To export, from a Code Workbook, go to the Settings cog > Export to Code Repository Helper:

repository-export-button

Click Select Repository and choose a Code Repository:

repository-selection

Select datasets to export with the checkboxes in the left hand side panel.

The graph shows which datasets are available for export (white), and which are not available (gray). The export must be a connected graph, and so adding nodes to the selection may make more nodes available for export. Hovering over disabled nodes will explain why they can’t be selected.

repository-select-nodes

When ready to export, click Create pull request

A new branch will be created in the selected Code Repository with code exported from the Code Workbook. Click "View pull request" to open the pull request in the Code Repository.

repository-view-button

From here you can inspect the exported code and make any required edits such as dataset paths and names.

repository-view-export

Verify the exported datasets in transforms-python/src/codeWorkbookExport have been imported and added to your pipeline in transforms-python/src/myproject/pipeline.py as desired.

repository-view-pipeline

Any custom package versions in the Code Workbook will be added to transforms-python/conda_recipe/meta.yml.

:::callout{theme="neutral"} Code Workbook and Code Repositories do not support the exact same set of packages. While the majority of packages should work correctly, some may fail to pass repository checks. :::

repository-view-packages

Once ready, the PR can be created and the usual process followed to merge the exported code into the pipeline.

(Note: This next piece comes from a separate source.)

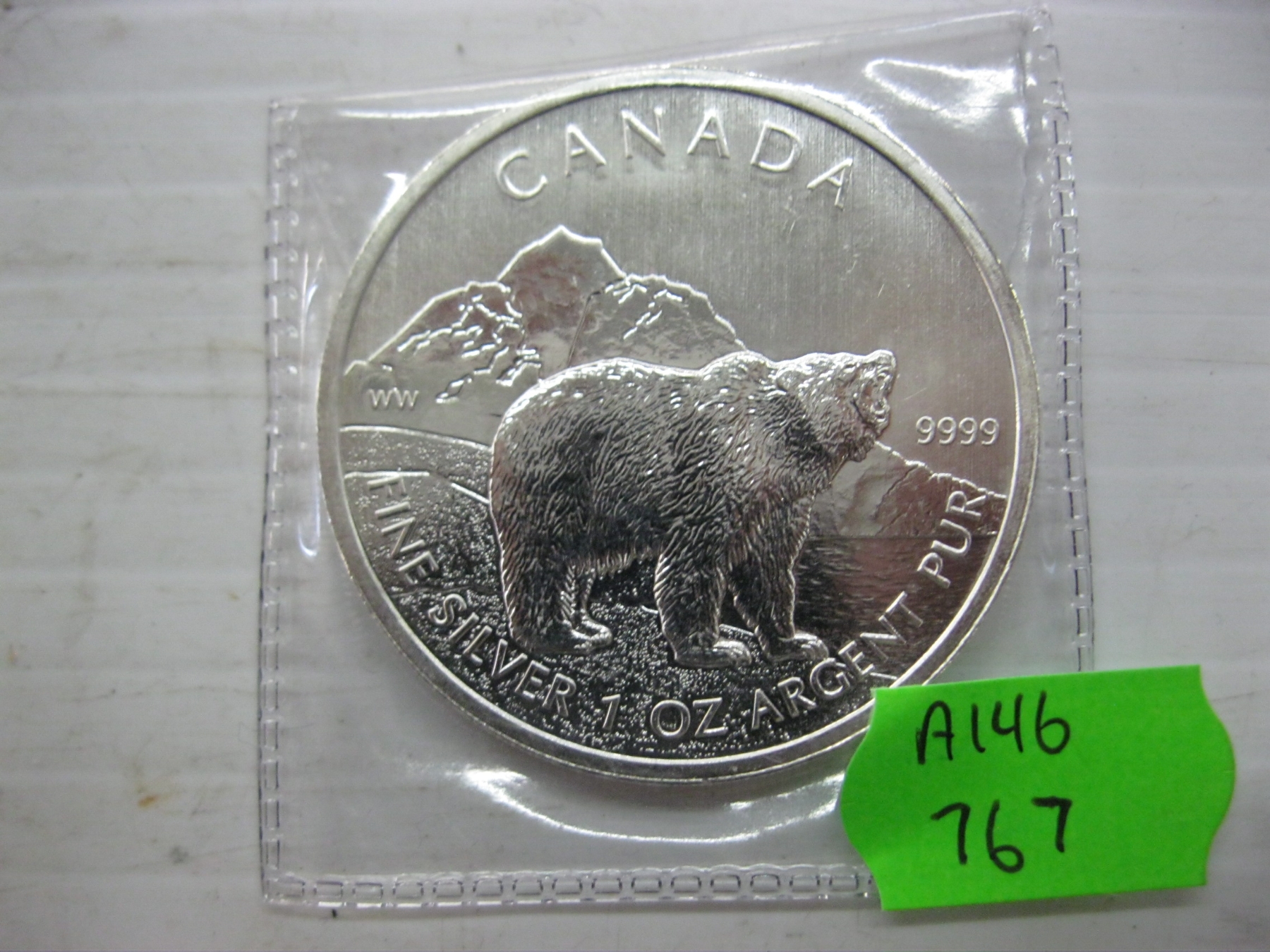 Lot 767 CDN 1 OZ. .999 SILVER COIN - GRIZZLY BEAR (TAX EXEMPT)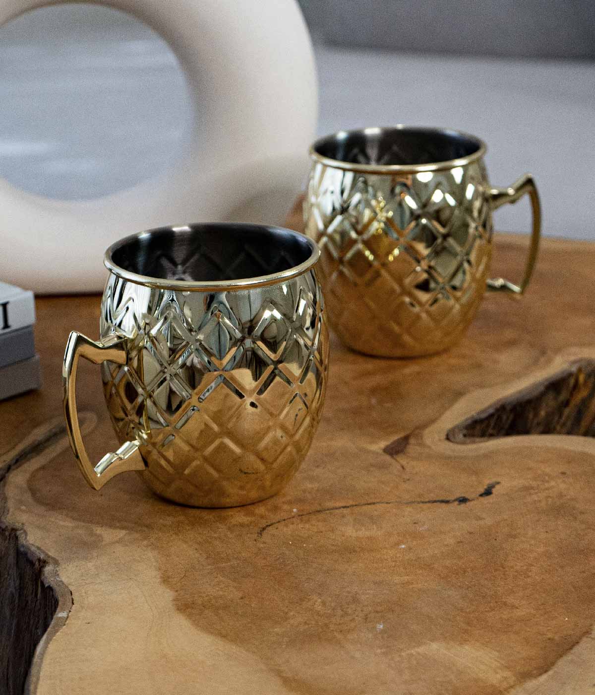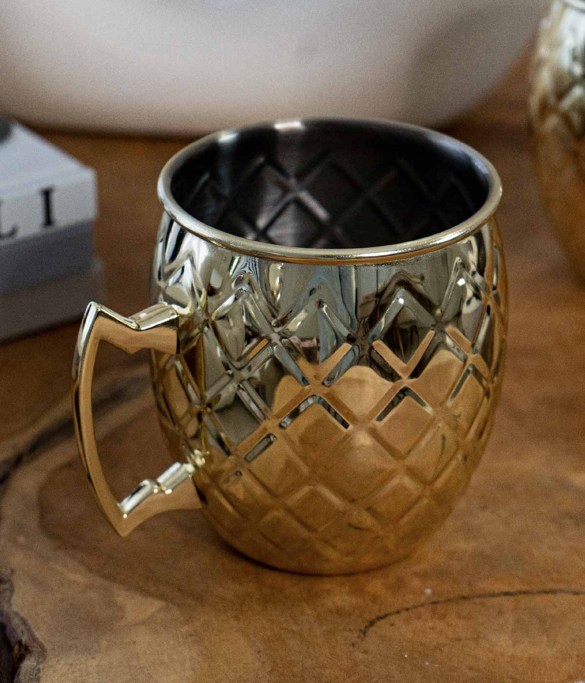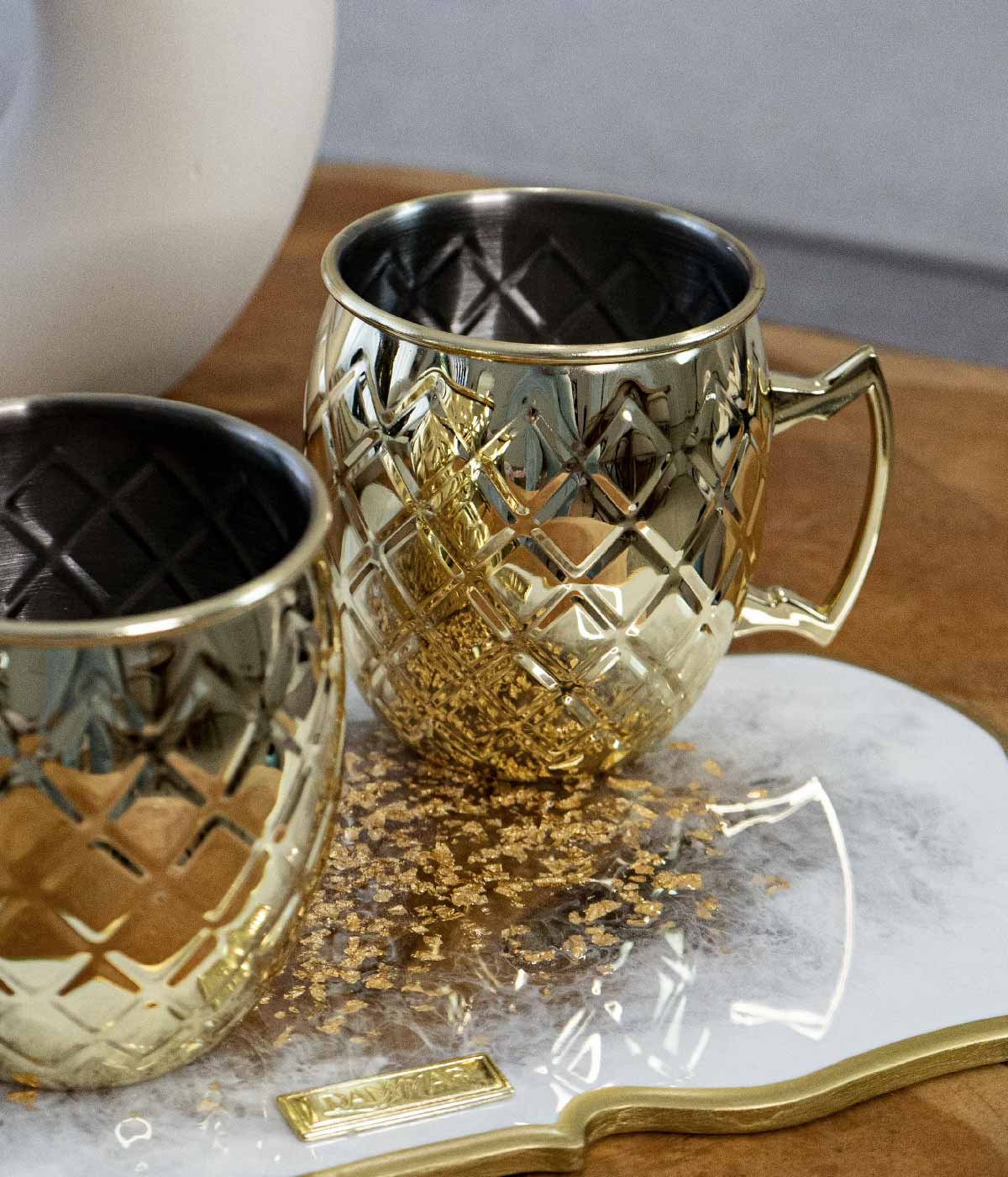 Vaso Moscow dorado, ideal para disfrutar de tus bebidas favoritas con un toque de sofisticación. Su diseño artesanal resalta la belleza del cobre, asegurando durabilidad y estilo en cada sorbo.

Writing to the same datasets

By default, exporting to Code Repository will write to new datasets. If you would prefer to write to the same datasets as the Code Workbook, follow these steps below:

  1. Navigate to the branch created in repository by the Export to Code Repository action. Change the output dataset paths to those of the desired dataset.
  2. For each of the datasets, navigate to the Details tab of the dataset page, and delete the dataset's job spec. This is necessary to allow the repository to take ownership of the dataset.
  3. Create the PR and follow the usual process to merge the code into the pipeline. When the CI checks run in the repository, new job specs will be created on the target dataset.

Note that by transferring these datasets to the repository, you will no longer be able to use the original Code Workbook to write to the datasets. You may wish to delete the exported nodes to avoid confusion.


中文翻译

导出到代码仓库(Code Repository)

Python和SQL代码可以从代码工作簿(Code Workbook)导出到代码仓库(Code Repository)。将代码迁移到代码仓库对于生产流水线非常有用,因为它提供了完整的git版本控制和多种高级流水线工具。了解更多关于代码仓库的信息。

导出时,将在仓库中创建一个新分支,其中代码工作簿的代码会被转换为代码仓库的等效代码。由于这是尽力而为的转换,您可能需要调整这些代码来移动文件、更改数据集名称和路径、调整导入的包等。

:::callout{theme="neutral"} 导出是一次性、单向的导出。对代码工作簿的进一步编辑不会自动推送到代码仓库,也不支持将相同数据集后续导出到同一仓库。代码无法从代码仓库导出到代码工作簿。此外,执行导出的用户必须对目标代码仓库至少拥有编辑者(Editor)权限。 :::

支持的类型(Supported Types)

目前仅支持SQL节点或使用Pandas或Spark数据框(DataFrame)输入和输出的Python代码节点。导出的节点集必须相互连接,且根节点为导入的数据集。

不支持输入类型为Python转换输入(Python transform input)或对象(object)的节点。

:::callout{theme="neutral"} 在将代码导出到代码仓库之前,请确保代码仓库支持所需的语言。例如,如果您同时导出SQL和Python节点,可能需要向仅支持SQL或仅支持Python的仓库添加新的子项目。 :::

如何导出(How to Export)

要导出,请从代码工作簿中转到设置齿轮图标 > 导出到代码仓库助手(Export to Code Repository Helper):

repository-export-button

点击选择仓库(Select Repository)并选择一个代码仓库:

repository-selection

使用左侧面板中的复选框选择要导出的数据集。

图表显示哪些数据集可用于导出(白色),哪些不可用(灰色)。导出必须是一个连通图,因此向选择中添加节点可能会使更多节点可用于导出。将鼠标悬停在禁用的节点上会解释为什么无法选择它们。

repository-select-nodes

准备导出时,点击创建拉取请求(Create pull request)

将在所选代码仓库中创建一个新分支,其中包含从代码工作簿导出的代码。点击"查看拉取请求(View pull request)"以在代码仓库中打开拉取请求。

repository-view-button

在此处,您可以检查导出的代码并进行任何必要的编辑,例如数据集路径和名称。

repository-view-export

验证transforms-python/src/codeWorkbookExport中导出的数据集已按需导入并添加到transforms-python/src/myproject/pipeline.py的流水线中。

repository-view-pipeline

代码工作簿中的任何自定义包版本都将添加到transforms-python/conda_recipe/meta.yml中。

:::callout{theme="neutral"} 代码工作簿和代码仓库不支持完全相同的包集合。虽然大多数包应该能正常工作,但有些可能无法通过仓库检查。 :::

repository-view-packages

准备就绪后,可以创建PR并按照常规流程将导出的代码合并到流水线中。

写入相同的数据集(Writing to the same datasets)

默认情况下,导出到代码仓库会写入新的数据集。如果您希望写入与代码工作簿相同的数据集,请按照以下步骤操作:

  1. 导航到通过"导出到代码仓库"操作在仓库中创建的分支。将输出数据集路径更改为所需数据集的路径。
  2. 对于每个数据集,导航到数据集页面的详情(Details)选项卡,并删除数据集的作业规范(job spec)。这是必要的,以便让仓库接管数据集的所有权。
  3. 创建PR并按照常规流程将代码合并到流水线中。当仓库中运行CI检查时,将在目标数据集上创建新的作业规范。

请注意,通过将这些数据集转移到仓库,您将无法再使用原始代码工作簿写入这些数据集。 您可能希望删除已导出的节点以避免混淆。